Rozo, who has work listed on Co2ign Art but is mostly focused on tattooing these days, admits that she’s not an expert on NFTs. But from where she’s standing, they look like a pyramid scheme. It seems to her that the people who make real money from NFT art sales are the people who have already amassed substantial followings on social media and are well-connected in the Web3 world. Painting NFTs as a ticket out of the constant hustle of self-promotion for indie artists strikes her, then, as a false promise. If ignorance is the only barrier to entry, that’s just fine with Rozo; she doesn’t want in.

SassyBlack had her own reservations at first. She didn’t want to get hacked or scammed or lose a crypto wallet—a mistake for which there is no recourse. But since getting into NFTs, she’s been able to make “a decent amount of money” from sales, and she thinks that any artist who takes the time to educate themselves and build community via Twitter, Discord, and other channels can bolster their career with Web3 tools.

People from historically marginalized groups especially stand to benefit, she says. These tools unyoke them from the traditional industry gatekeepers. It just takes research to find out “where all the Black people are, where all the queer people are, where all the women are…there are people from these historically marginalized communities thriving over here.”

There have always been, and will always be, barriers to succeeding as an artist. “You would have to pay three to five Gs to have a decent marketing campaign for your record,” SassyBlack points out.
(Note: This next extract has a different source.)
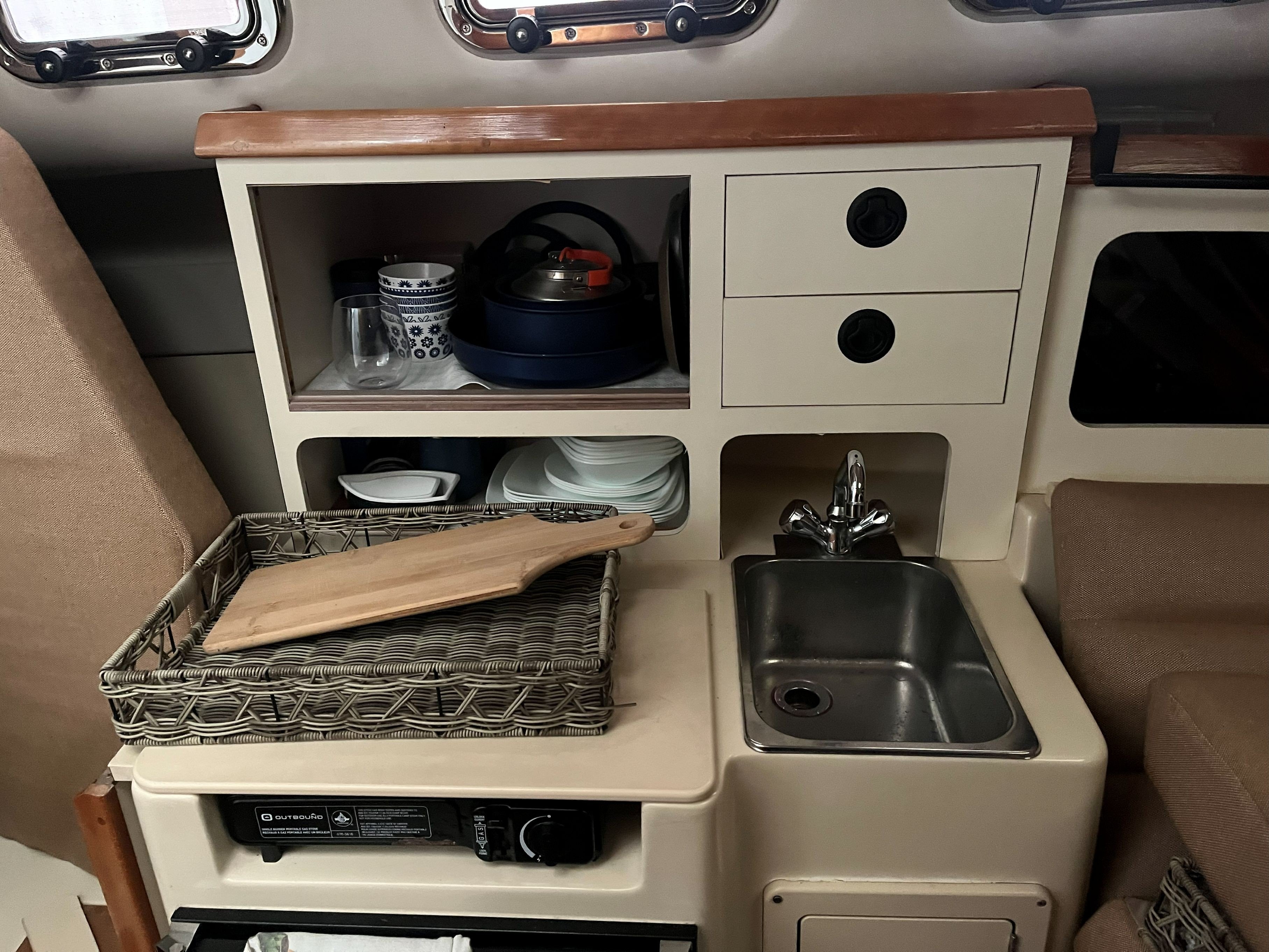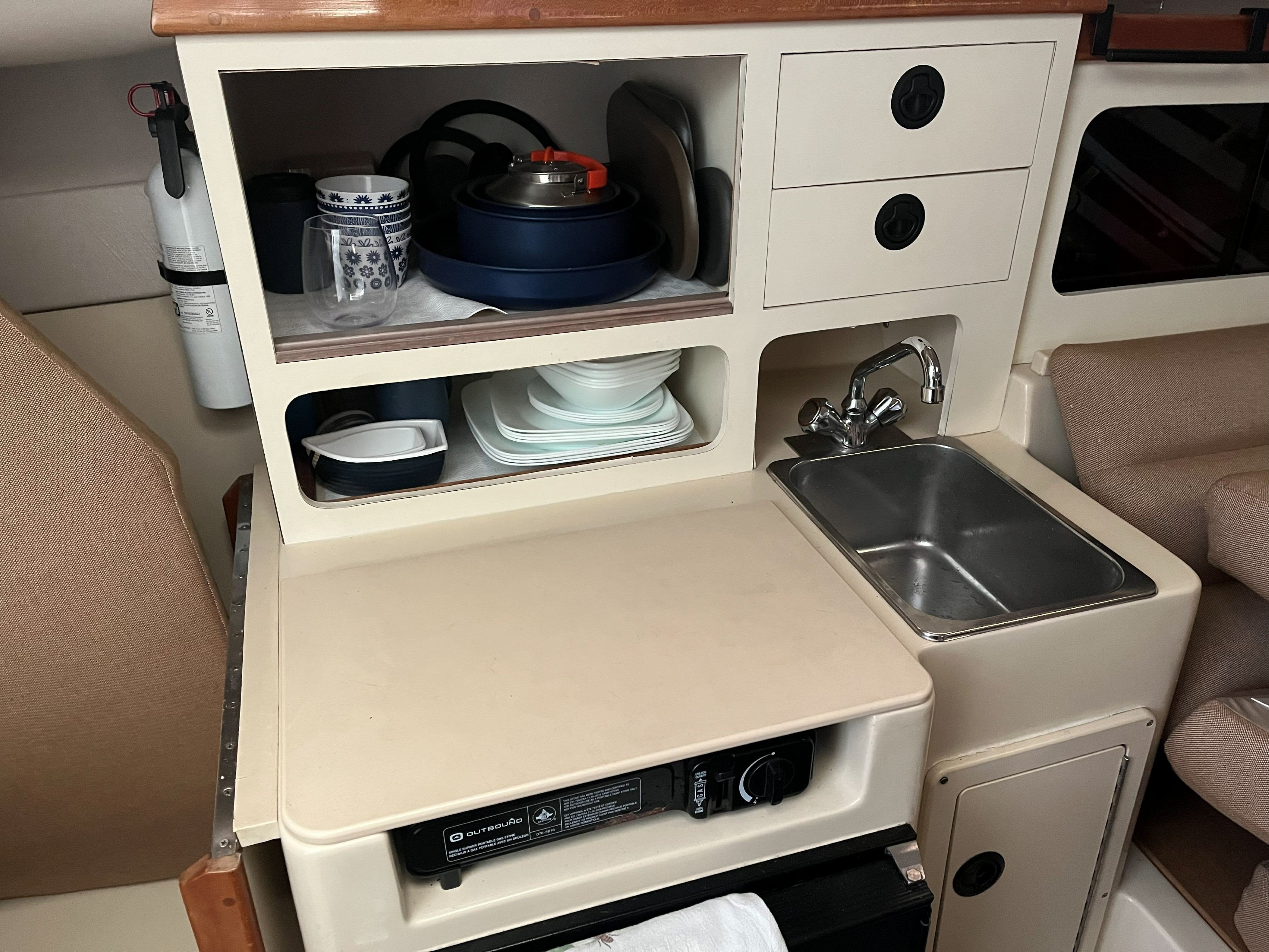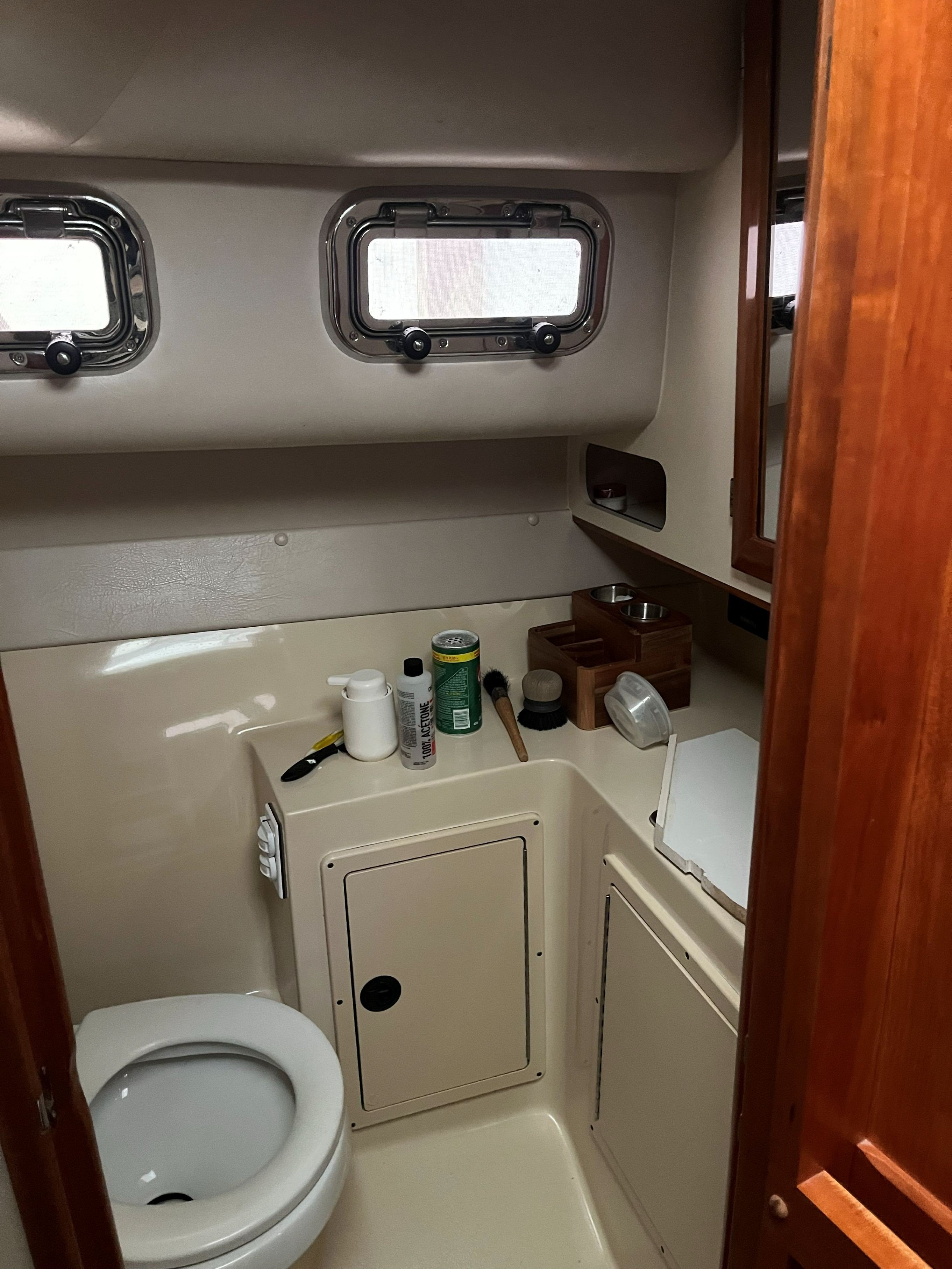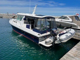 Hydraulic trim tabs, dockside water, cockpit shower, deck washdown, complete cockpit enclosure, winter cover & frame, Magma BBQ, Lewmar windlass (2020), bow thruster, fridge, freezer updated in 2015, microwave oven, butane countertop stove, hot & cold pressure water, all LED lighting, Vacu-flush toilet. Rockna anchor, chain & rode.

And as a queer woman of color, protecting herself in a world that is indifferent to her success, at best, or hostile, at worst, is nothing new. The trade-off with NFTs—total self-determination in exchange for totally-shit-out-of-luck if you blunder—is worth it for her. 

And that’s what most proponents will tell you. The problems with the technology, from the environmental impact to the scams to the lack of consumer protections, even its hyper-capitalistic foundations, are not unique to blockchain technology. And perhaps it’s unreasonable to expect that any technology could save us from these problems which are, at their core, problems of human nature. After all, tools can only do so much to change people’s hearts and minds. That’s what art is for.


“Can someone explain these acronyms, again?”

  • NFT: non-fungible token, a digital certificate of ownership that’s stored on the blockchain.
  • POAP: proof of attendance protocol, a type of NFT that’s distributed to attendees of an event.
  • DAO: decentralized autonomous organization, or an org that operates using smart contracts and other Web3 tools for the purpose of creating shared ownership.
  • Web3:  catch-all term for technology built on principles of blockchain technology.